In the meantime, we did see a couple interesting sights on our way from Canberra here. When we were in Australia with Masterworks Chorale Ensemble in 2002, as we returned to Sydney from Canberra by bus, we stopped in Goulburn, New South Wales, for lunch beside the “Big Merino,” a 15.2-meter (50-foot) tall concrete statue of a merino sheep ram, known to the locals as “Rambo.” The statue was built in 1985 in honor of the merino wool industry in the area. The statue is hard to miss, just off the freeway at Goulburn’s first exit from the south, but we knew immediately that its location looked quite different from what we had seen in 2002. As it turns out, Rambo was moved about 800 meters (half a mile) south to be closer to the freeway exit. It is now surrounded by fast food places, a petrol (gas) station, and a gift shop with some really beautiful wool products made from the finest of merino wool. We climbed up inside the sheep where there are displays depicting the history of the wool industry and the processes required to make those fine woolen products. A lookout allows one to see out through the sheep’s eye-holes to view the surrounding territory.

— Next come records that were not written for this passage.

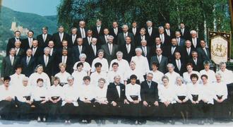 Männer- und Frauenchor im Jahr 1994 mit der Vereinsfahne von 1925
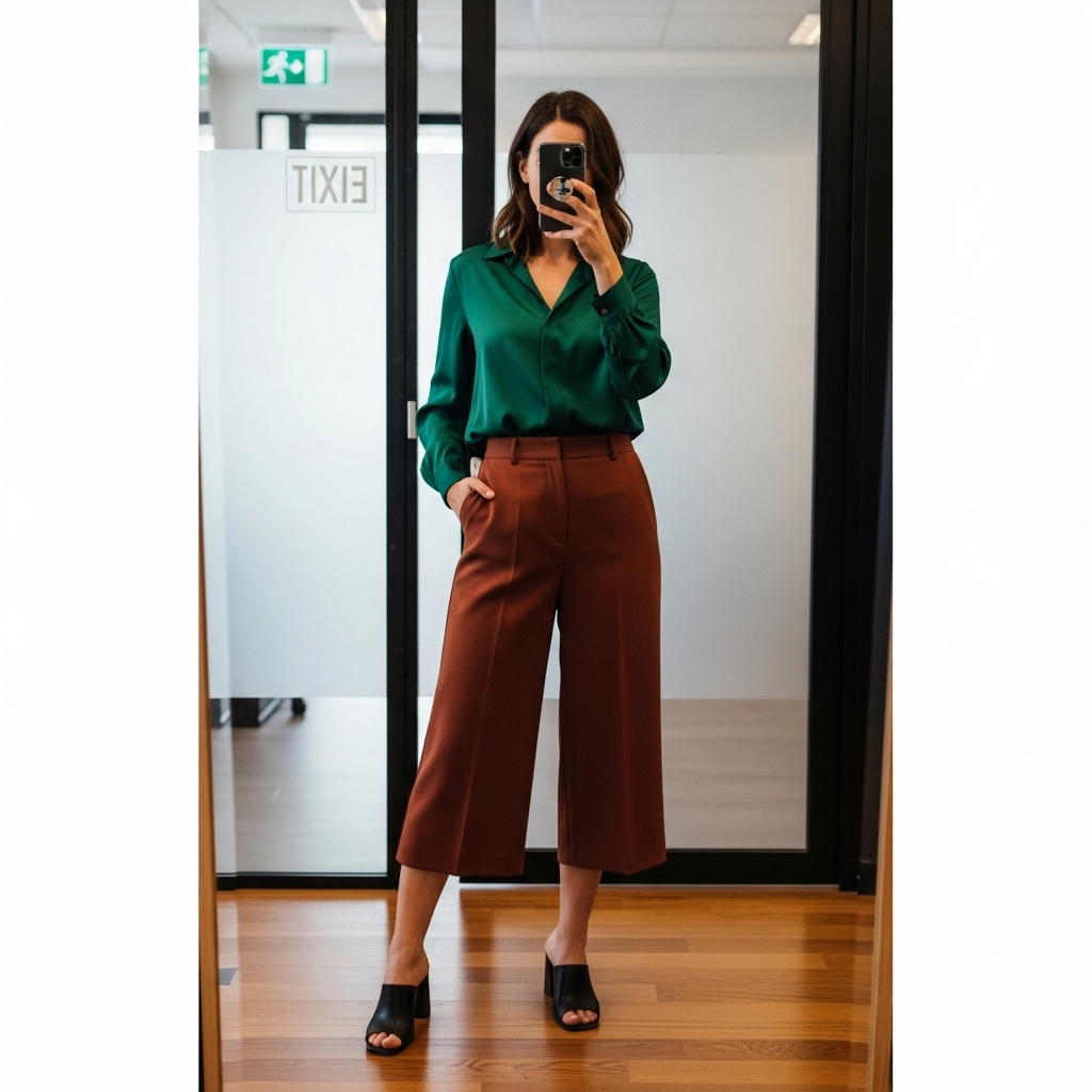Culottes are ideal for early fall days when full trousers feel too warm. Pair them with a silky blouse tucked neatly in, and add loafers or block heels. Choose autumn hues like rust, mocha, or olive to make the look seasonally stylish yet professional.
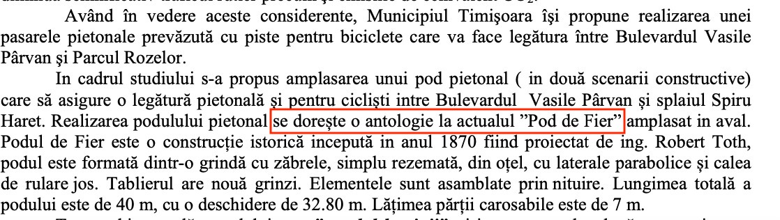 „Scenariul tehnico-economic recomandat de proiectant propune realizarea unui pod pietonal peste Canalul Bega în zona Universității de Vest, care să asigure circulația pietonilor și a bicicliștilor între Bd. Vasile Pârvan și Splaiul Spiru Haret, spre Parcul Justiției. (…) Realizarea podului pietonal se dorește o antologie (probabil analogie – n.r.) la actualul Pod de Fier amplasat în aval”, se arată în anexa proiectului.
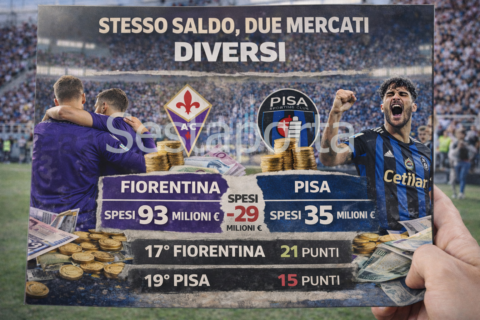 Guardando i numeri del mercato, Pisa e Fiorentina arrivano al derby con un dato quasi identico: un saldo negativo vicino ai 30 milioni. Tutto il resto cambia, e parecchio. Anche l’impatto sulla stagione.
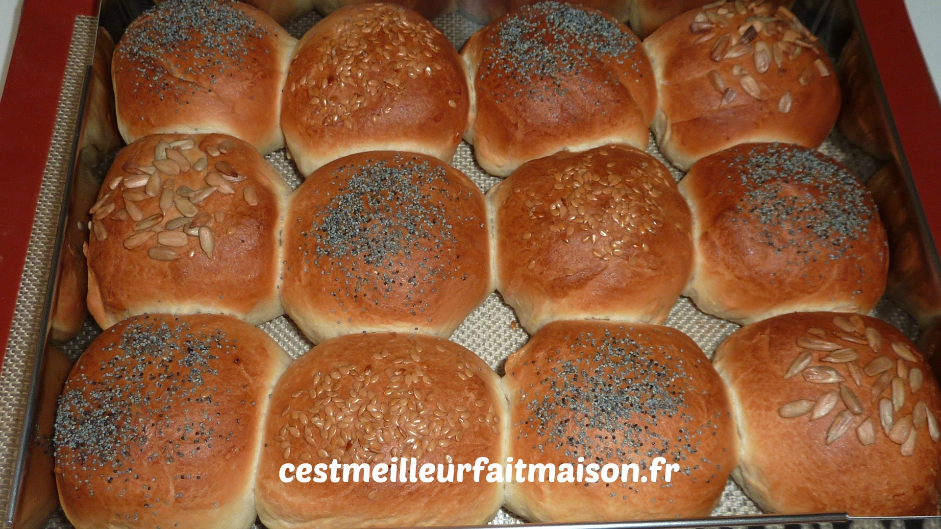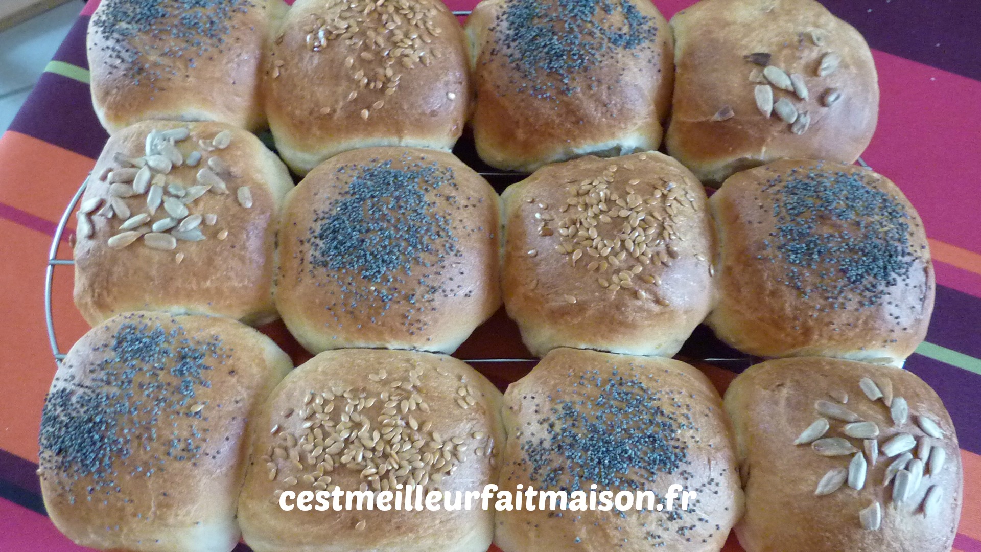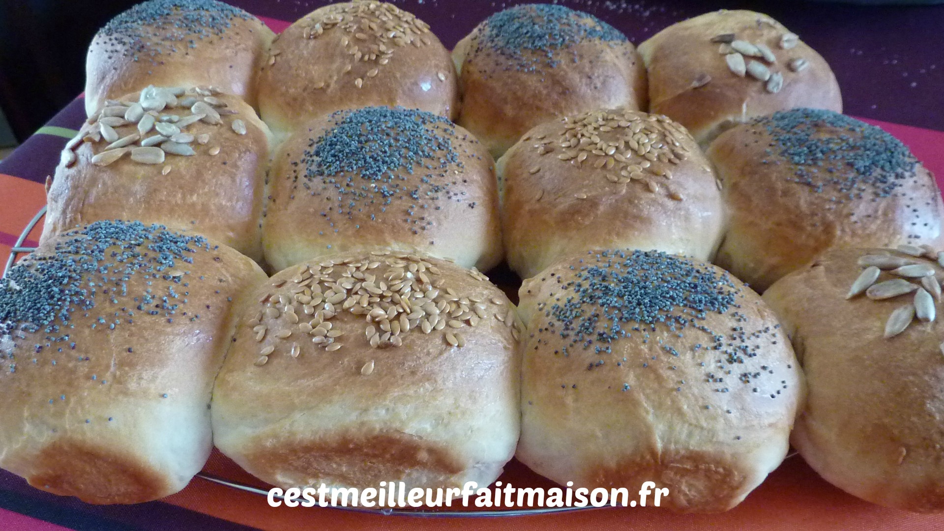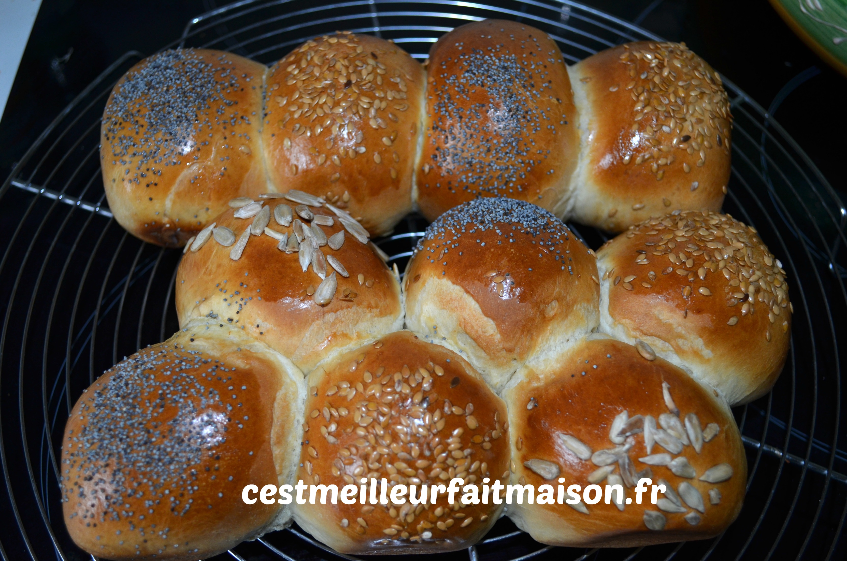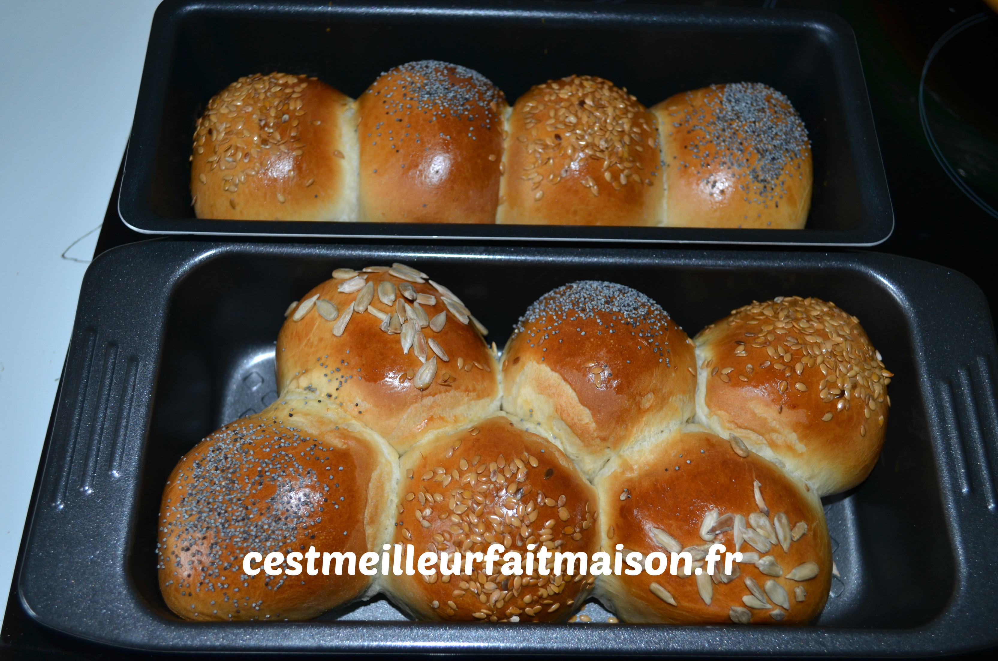 Insert du 11/03/15: J’ai refait ces pains en les dorant à l’œuf et les pains sont beaucoup plus appétissant qu’en les dorant au beurre.
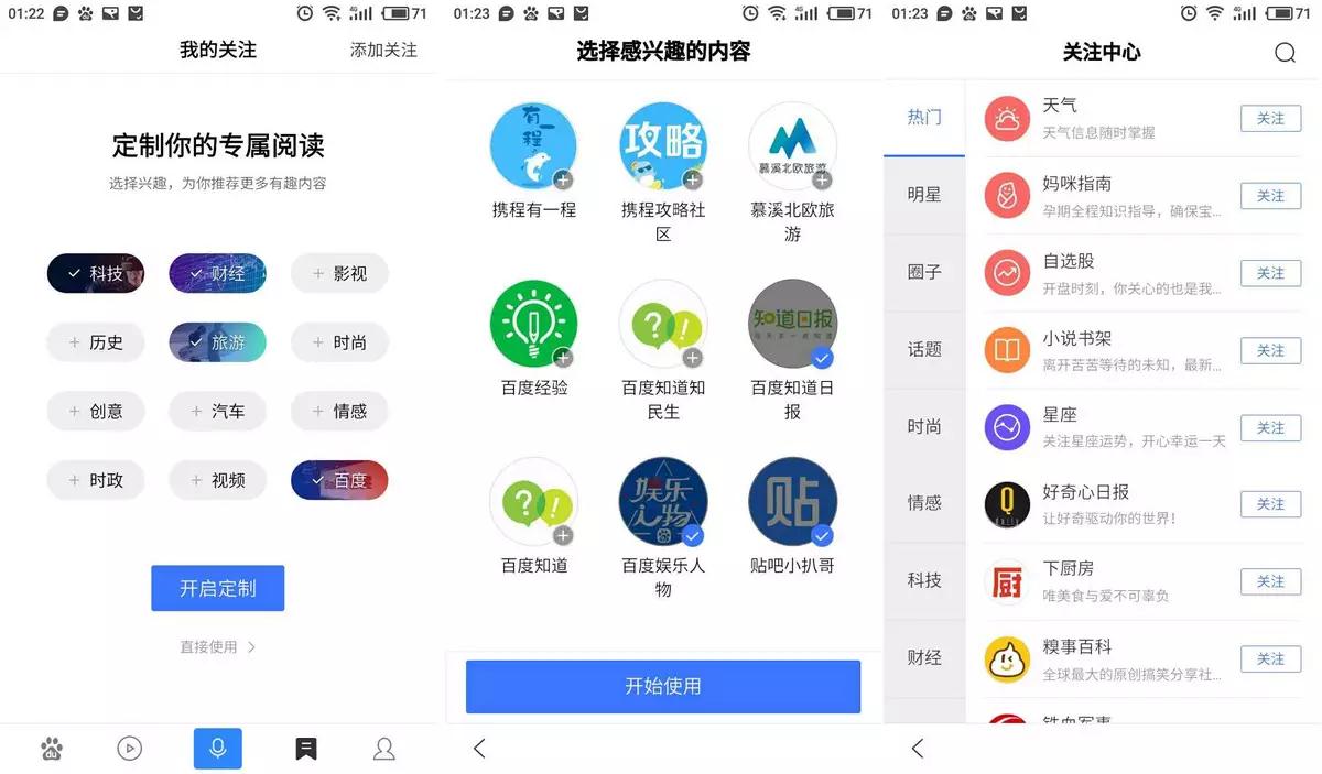 至于“关注”界面,略像以前的聚合阅读,也有点像今天的头条号和微信公号,这些都是百家号。
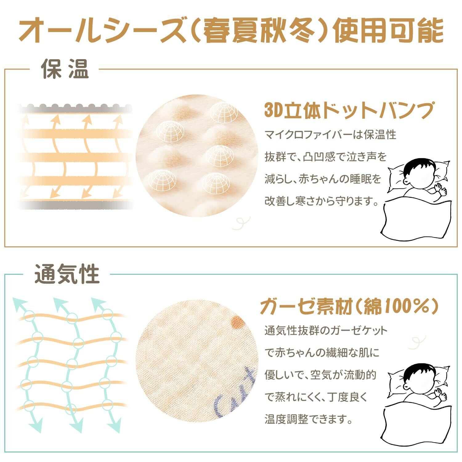 【3Dドットバンプ】赤ちゃんの繊細な肌に守り、優しく包まれたような丸い接触への物理的なホットプレスプロセス仕様です。赤ちゃんから子供、大人まで使用範囲が広く、リバーシブル仕様で一面はダブルガーゼ使用し、一面は凸凹付きのマイクロファイバーを使用しています。快適さとソフトの触感を体験できます。夏場はしっかりと汗を吸収し、冬場は暖かさを逃さず、一年を通じて使えます。
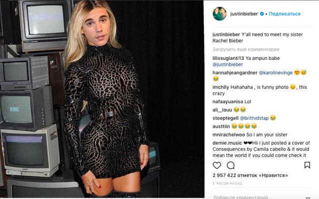 «Вам надо познакомиться с моей сестрой Рейчел Бибер», — написал Джастин. Шутки за 300.

We spent a couple nights in the village of Kangaroo Valley. Located in the wide rift valley of the Kangaroo River in the Southern Highlands of New South Wales, this village of about 800 people was established in 1817. The weather was quite stormy while we were there, and we spent most of our time making phone calls to the insurance company setting up our claims. We really weren’t able to take advantage of the beautiful scenery and interesting history of the area. It is only a couple hours southwest of Sydney, so if all our plans come together in time, we just might go back for another look!

However, we certainly can’t complain about being “stuck” in Corrimal! This is a lovely part of New South Wales. We are enjoying taking long walks beside the beaches, seeing and listening to a variety of birds, and being lulled to sleep at night by the sound of the surf. Life really is good!